ECLI:NL:GHARN:2010:BO3362
Gerechtshof Arnhem
- Hoger beroep
- Rechtspraak.nl
Verzoek tot toepassing van de schuldsaneringsregeling en niet-ontvankelijkheid
In deze zaak heeft het Gerechtshof Arnhem op 8 november 2010 uitspraak gedaan in hoger beroep over het verzoek van [appellant] tot toepassing van de wettelijke schuldsaneringsregeling. Het hof heeft kennisgenomen van het verzoekschrift en de bijlagen, alsook van de brief van mr. M.C. van der Meij, de advocaat van [appellant]. De mondelinge behandeling vond plaats op 1 november 2010, waarbij [appellant] in persoon aanwezig was, bijgestaan door zijn advocaat. De rechtbank Arnhem had eerder op 22 maart 2010 een voorlopige voorziening getroffen, waarbij de tenuitvoerlegging van een ontruiming van de woning van [appellant] was geschorst, onder bepaalde voorwaarden. Echter, op 7 oktober 2010 verklaarde de rechtbank [appellant] niet-ontvankelijk in zijn verzoek tot toepassing van de schuldsaneringsregeling, omdat het verzoek niet voldeed aan de wettelijke eisen. Het hof overweegt dat het gesloten stelsel van hoger beroep binnen de Faillissementswet niet voorziet in een rechtsmiddel tegen een niet-ontvankelijkverklaring. Het hof concludeert dat er geen reden is om het appèlverbod te doorbreken, aangezien de rechtbank niet verplicht was om [appellant] een nadere termijn te geven voor het aanvullen van zijn aanvraag.
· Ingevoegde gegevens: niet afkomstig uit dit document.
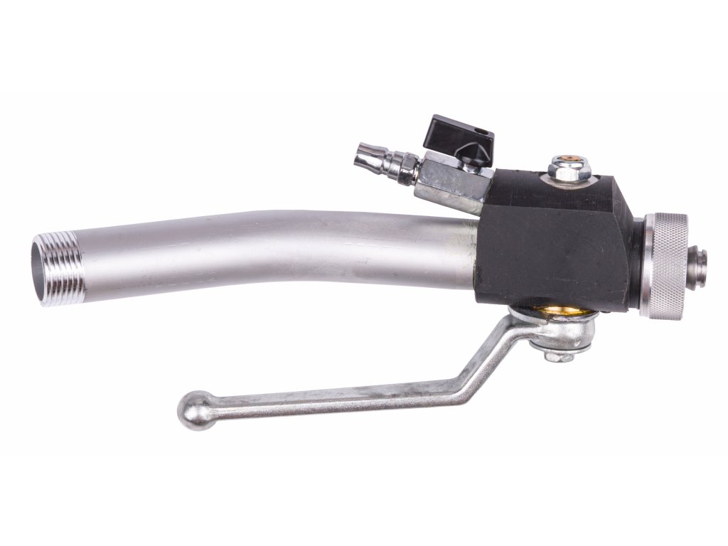 Profesionalni pištolj za prskanje izrađen od izdržljivog materijala, opremljen mesingastim kuglastim ventilom za primjenu žbuke i ventilom za komprimirani zrak.
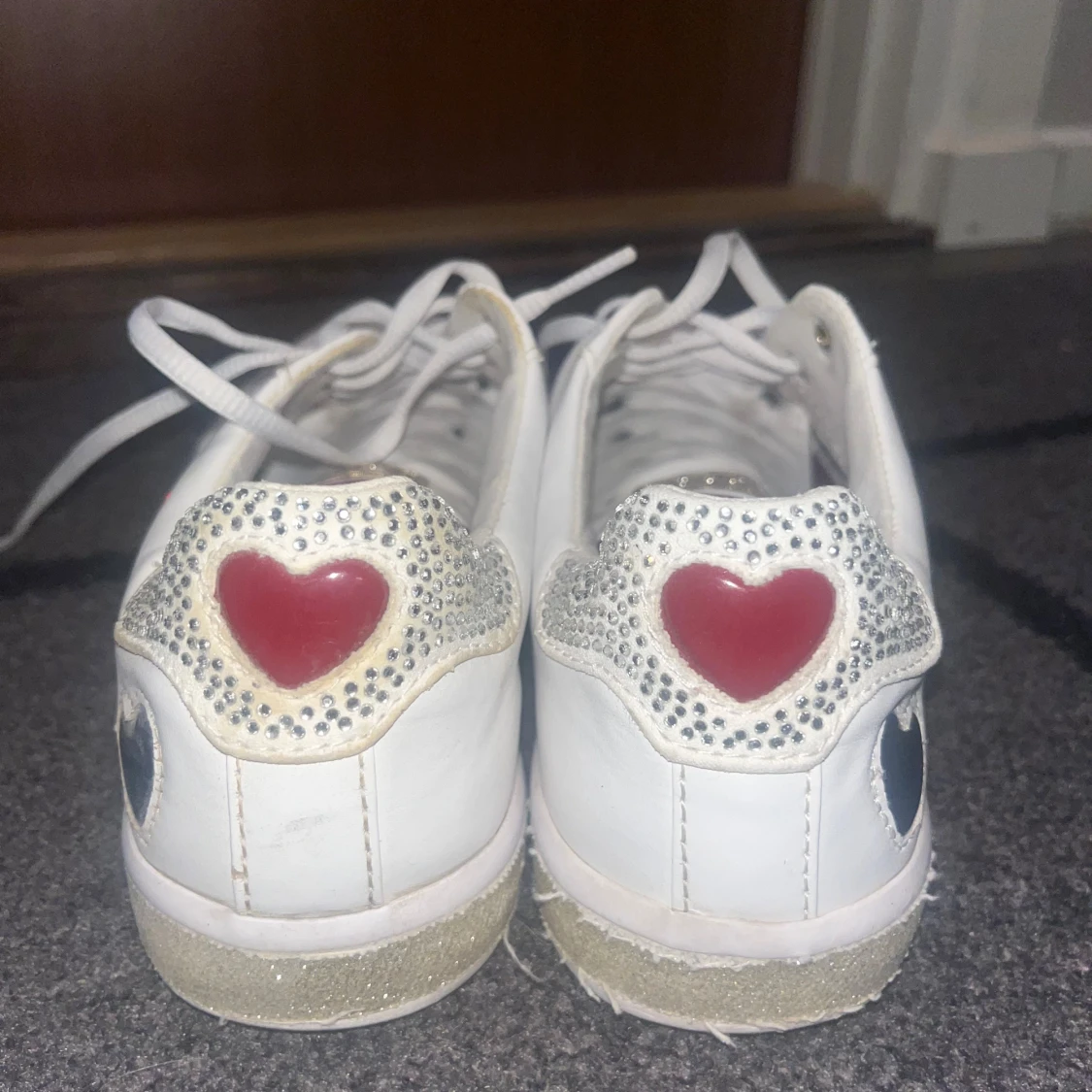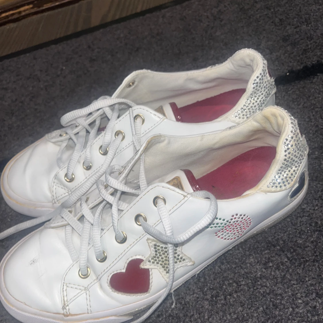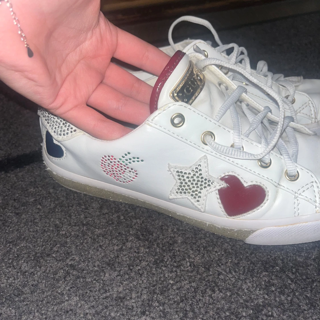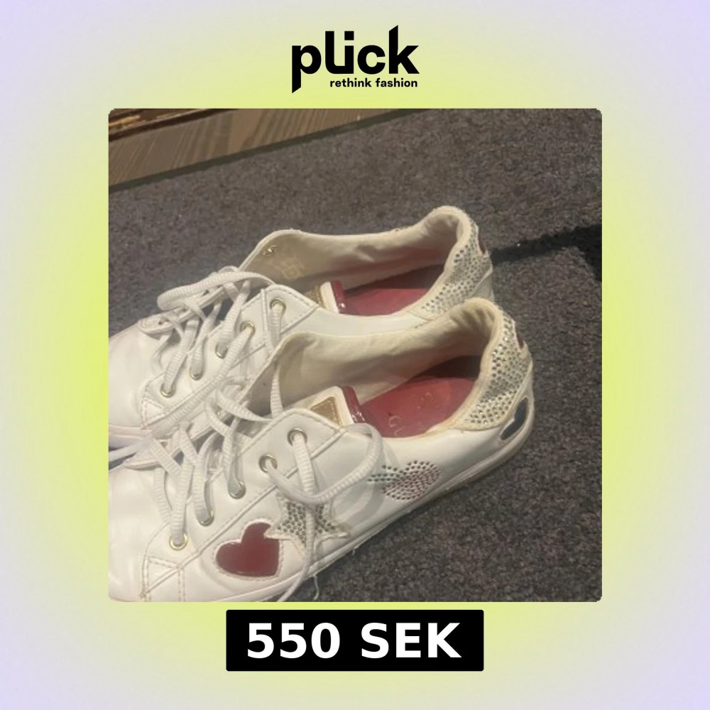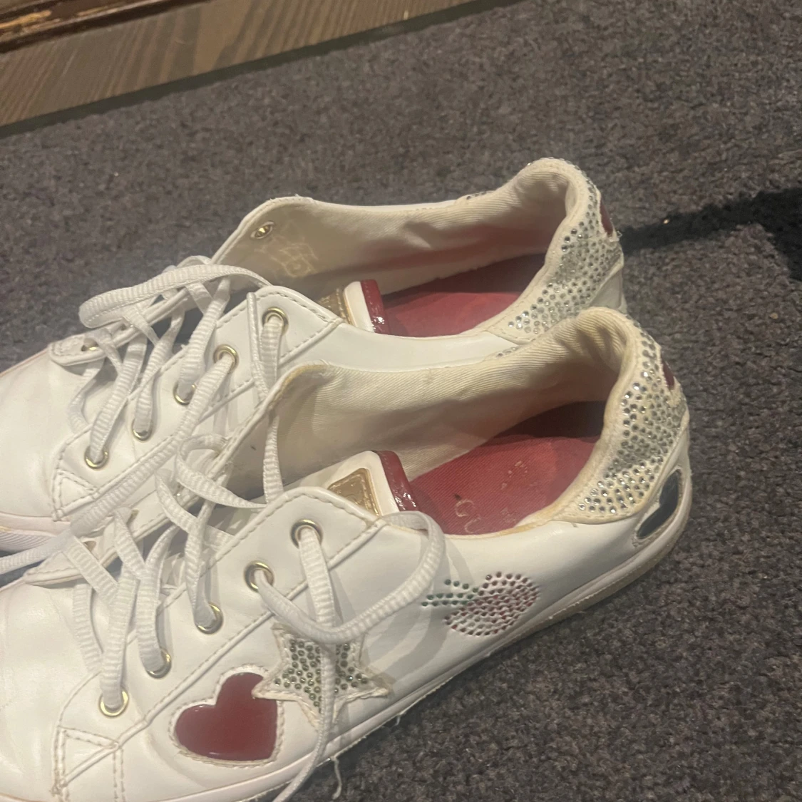 Snygga vita sneakers från Guess med röda hjärtan, glittriga stjärnor och detaljer i silver. Skorna har snörning, guldfärgade öljetter och glittriga partier vid hälen. Dekorativa mönster med körsbär och hjärtan på sidorna ger en vintage.

Het hof wijst erop dat de rechtbank de mogelijkheid heeft om een termijn te gunnen, maar dit niet verplicht is. De beslissing van de rechtbank om [appellant] niet-ontvankelijk te verklaren wordt bevestigd, en het hof verklaart [appellant] niet-ontvankelijk in zijn verzoek in hoger beroep.